Many murders are senseless. Thomas Bates’s was one of them. He was about to close his newsagent’s shop at Edgbaston, Birmingham, at 6.30 p.m. on JUNE 2nd, 1962, when his last customer shot him and fled empty-handed.

The 47-year-old newsagent’s mother lived with him above the shop, and on hearing the shot she hurried down to find him lying in a pool of blood. He died within minutes, and the police appealed for customers who had been in the shop just before the shooting to come forward.

They soon did so, and the search for the killer focused on Oswald Augustus Grey, a 20-year-old unemployed Jamaican baker. His home was watched, and officers swooped when he was seen outside reaching into a dustbin. Caught in the act of retrieving bullets from the bin, he was arrested and taken in for questioning.

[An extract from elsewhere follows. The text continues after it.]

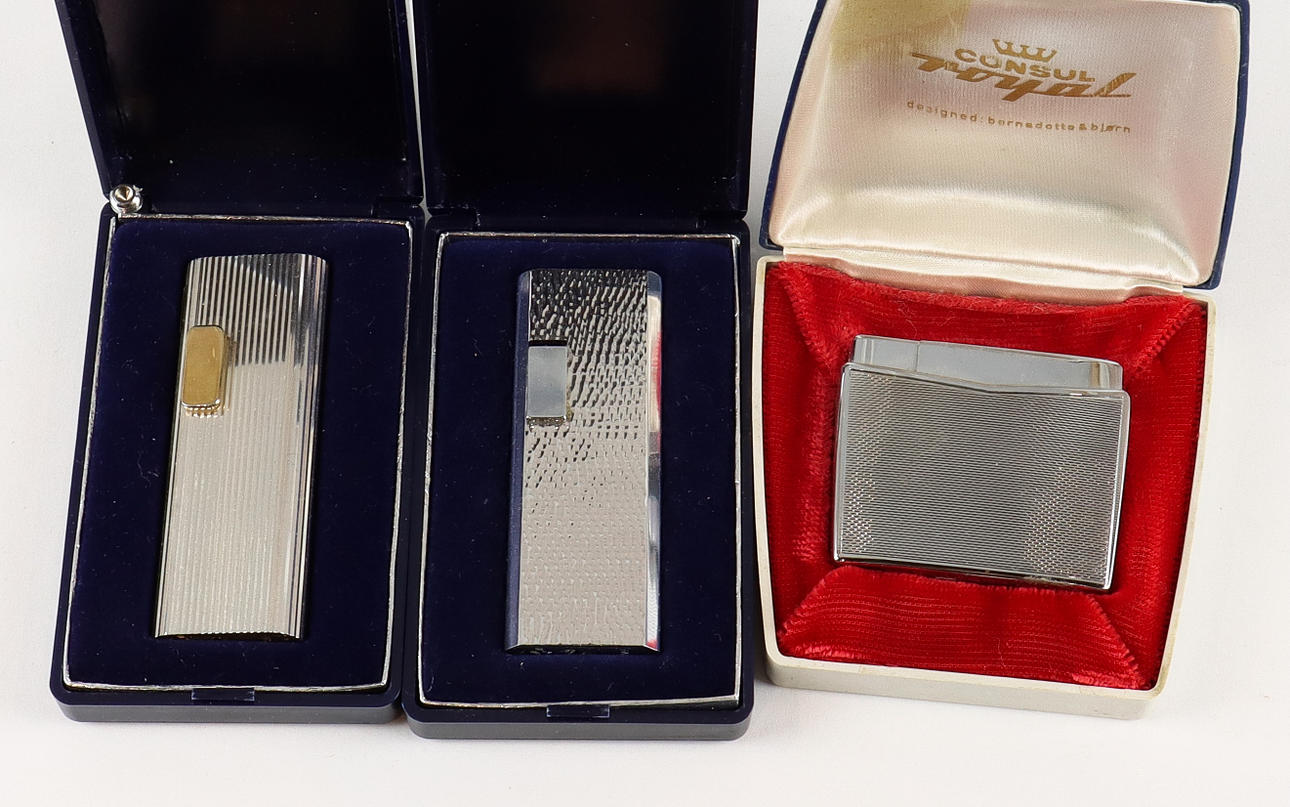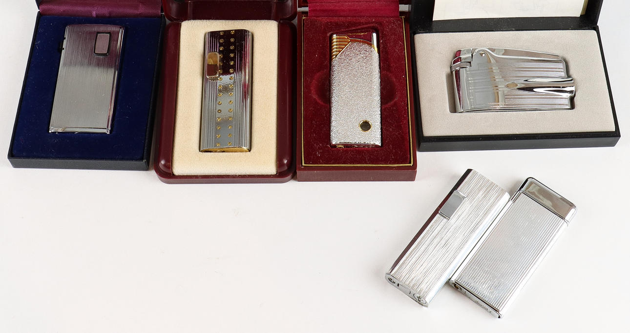 Including Ronson. 7 pieces in cases. Cases 11x8 cm and smaller. Condition Normal wear and tear. 36115

He admitted that the gun which shot Mr. Bates had been in his possession, but claimed he’d had it only briefly – at 3.30 on the afternoon of the shooting, and at 10 p.m. the same day. After he had given five different accounts as to who had the weapon at the time of the shooting, he was arrested and charged with murder.

While he awaited trial, the police made an intensive search for the gun but failed to find it. The bullets found in Grey’s possession were similar to the one that killed the newsagent.

Pleading “Not guilty” when he appeared at Birmingham Assizes, Grey claimed that another man had the gun when Mr. Bates was shot. But the man he named testified that he had never had the weapon, and the court heard that Grey had later sold it for £16 to a man he met at a party.

It took the jury only 15 minutes to decide that he was guilty. Sentenced to death, he spent his last days limbo-dancing in his condemned cell. Then an November 20th, 1962, he became the last man to be hanged at Winson Green Prison.